Sunday, March 18, 2018,  3:00 – 5:00 p.m., Ann Arbor District Library – Malletts Creek Branch, 3090 E. Eisenhower Parkway (east of Stone School Road), Ann Arbor, MI 48108

Honey Bee Health: How it Affects Us and What We Can Do

Local beekeeper and educator Jamie Berlin returns to update us on how honey bee health decline affects humans, and what is at stake for impacts on global food production, healthy ecosystems and the economy. Honey bees play a foundational role in our food value chain. Learn why we need to save bees, about the factors that affect bee health and how local actions in Ypsilanti — Michigan’s first Bee City — are contributing to halting the decline in the global bee population.

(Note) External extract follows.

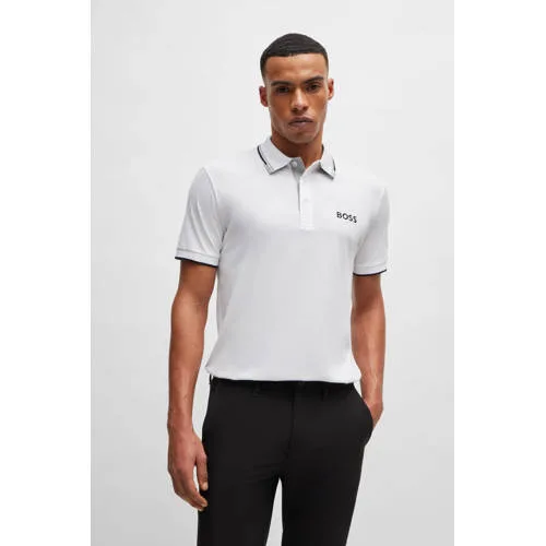 BOSS slim fit polo Paddy Pro met contrastbies white

Sunday, April 25, 2018,  3:00 – 5:00 p.m., Ann Arbor District Library – Malletts Creek Branch, 3090 E. Eisenhower Parkway (east of Stone School Road), Ann Arbor, MI 48108
Program to be announced.

Sunday, May 20, 2017, 3:00 – 5:00 p.m., Ann Arbor District Library – Malletts Creek Branch, 3090 E. Eisenhower Parkway (east of Stone School Road), Ann Arbor, MI 48108

Farm Meals Mentioned in Ypsilanti Farm Diaries

The stories and recollections of Washtenaw County farm women held by the Ypsilanti Historical Society provide a record of daily life in the 19th and 20th centuries.  Local author and historian Laura Bien presents research on handwritten diaries that reflect in their own words the everyday work farm women performed:  gardening, harvesting, butchering, processing, preserving and cooking food for their families, supplementing the family income through the sale of eggs and produce, adapting to technological changes, and organizing work at the homestead. Laura Bien’s talk will be the jumping off point for our Summer Picnic theme: an authentic seasonal farm meal from the 1800’s. She will provide a bibliography of sources of historic local recipes we’ll use to prepare this annual shared potluck — always a highlight of the summer!